INFORMATION GIVEN:
*** Block opens ***

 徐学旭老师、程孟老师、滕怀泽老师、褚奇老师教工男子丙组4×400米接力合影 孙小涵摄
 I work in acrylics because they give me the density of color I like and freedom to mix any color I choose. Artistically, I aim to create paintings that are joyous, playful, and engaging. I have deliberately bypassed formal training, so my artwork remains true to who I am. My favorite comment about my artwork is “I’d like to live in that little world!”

*** Block closes ***
*** Block opens ***

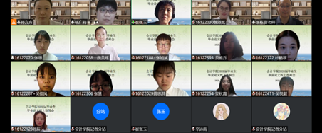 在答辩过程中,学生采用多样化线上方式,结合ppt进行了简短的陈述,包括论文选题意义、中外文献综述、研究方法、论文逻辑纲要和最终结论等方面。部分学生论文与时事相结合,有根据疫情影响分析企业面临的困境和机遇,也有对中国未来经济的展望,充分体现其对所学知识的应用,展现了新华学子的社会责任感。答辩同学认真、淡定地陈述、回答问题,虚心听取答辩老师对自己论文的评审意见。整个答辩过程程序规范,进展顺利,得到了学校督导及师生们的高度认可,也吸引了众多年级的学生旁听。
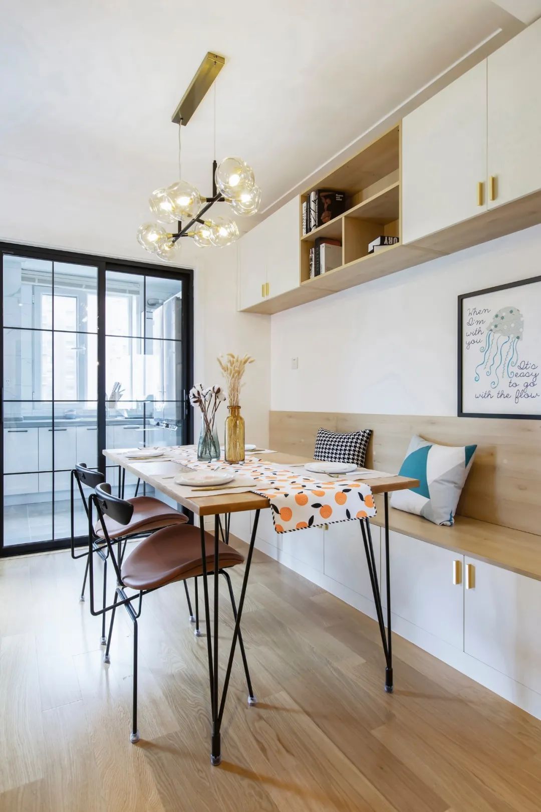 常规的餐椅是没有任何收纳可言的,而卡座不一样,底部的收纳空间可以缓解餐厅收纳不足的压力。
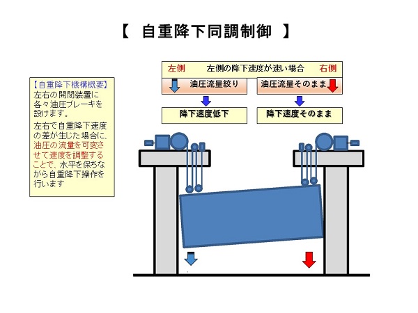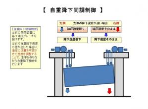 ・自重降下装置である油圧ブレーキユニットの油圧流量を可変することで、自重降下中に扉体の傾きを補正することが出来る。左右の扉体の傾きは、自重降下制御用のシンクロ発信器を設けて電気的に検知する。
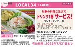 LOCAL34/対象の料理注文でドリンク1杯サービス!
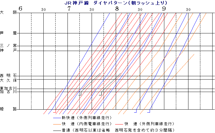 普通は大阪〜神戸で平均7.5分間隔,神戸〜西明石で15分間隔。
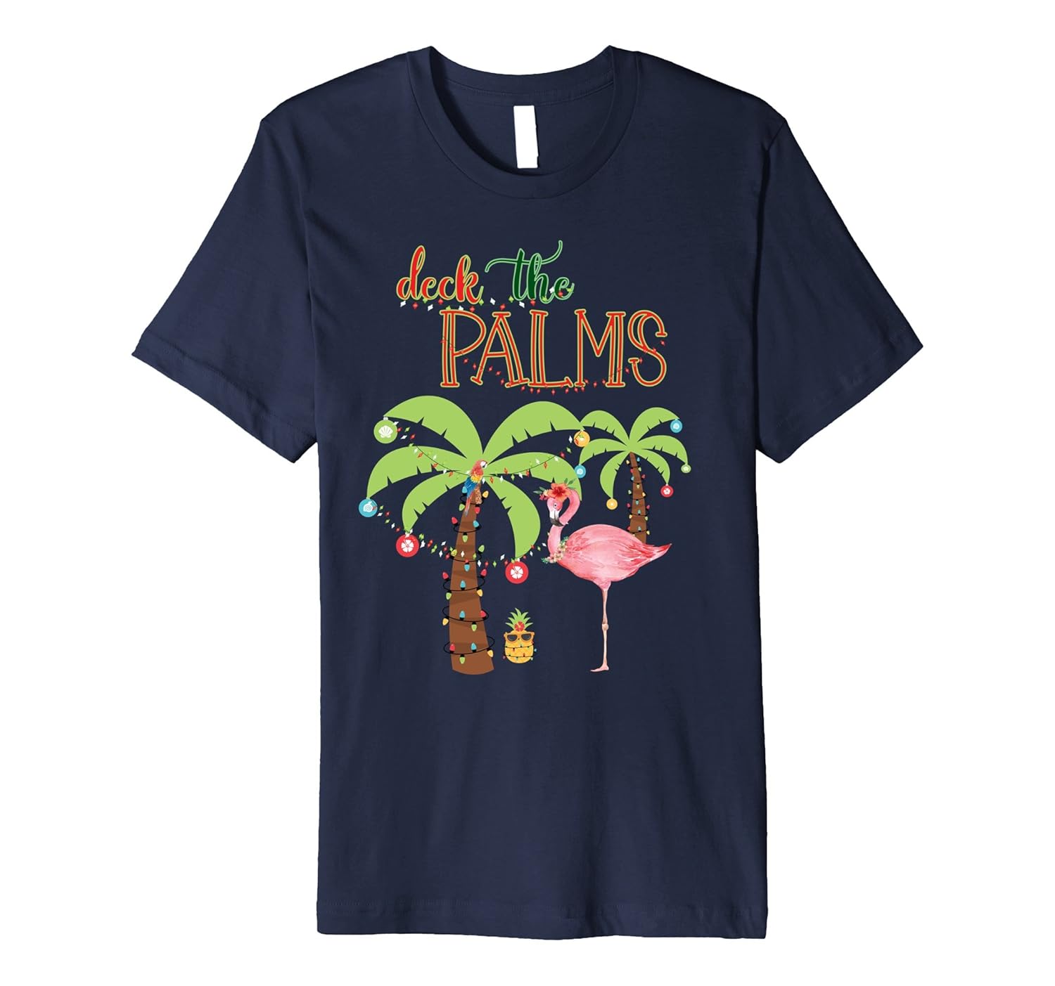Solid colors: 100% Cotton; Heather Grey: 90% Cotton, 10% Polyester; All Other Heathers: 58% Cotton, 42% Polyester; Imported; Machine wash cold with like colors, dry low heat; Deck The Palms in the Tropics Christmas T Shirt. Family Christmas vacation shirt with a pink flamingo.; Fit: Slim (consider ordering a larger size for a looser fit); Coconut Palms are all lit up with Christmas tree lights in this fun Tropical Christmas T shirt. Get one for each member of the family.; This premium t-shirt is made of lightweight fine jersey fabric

*** Block closes ***

PROBLEM TO SOLVE: Among the entries above, copy exactly the stretch from the line holding "普通は大阪〜神戸で平均7.5分間隔,神戸〜西明石で15分間隔。" through the line holding "Solid colors: 100%", leaving out any pictures.

TASK ANSWER:
 普通は大阪〜神戸で平均7.5分間隔,神戸〜西明石で15分間隔。
Solid colors: 100% Cotton; Heather Grey: 90% Cotton, 10% Polyester; All Other Heathers: 58% Cotton, 42% Polyester; Imported; Machine wash cold with like colors, dry low heat; Deck The Palms in the Tropics Christmas T Shirt. Family Christmas vacation shirt with a pink flamingo.; Fit: Slim (consider ordering a larger size for a looser fit); Coconut Palms are all lit up with Christmas tree lights in this fun Tropical Christmas T shirt. Get one for each member of the family.; This premium t-shirt is made of lightweight fine jersey fabric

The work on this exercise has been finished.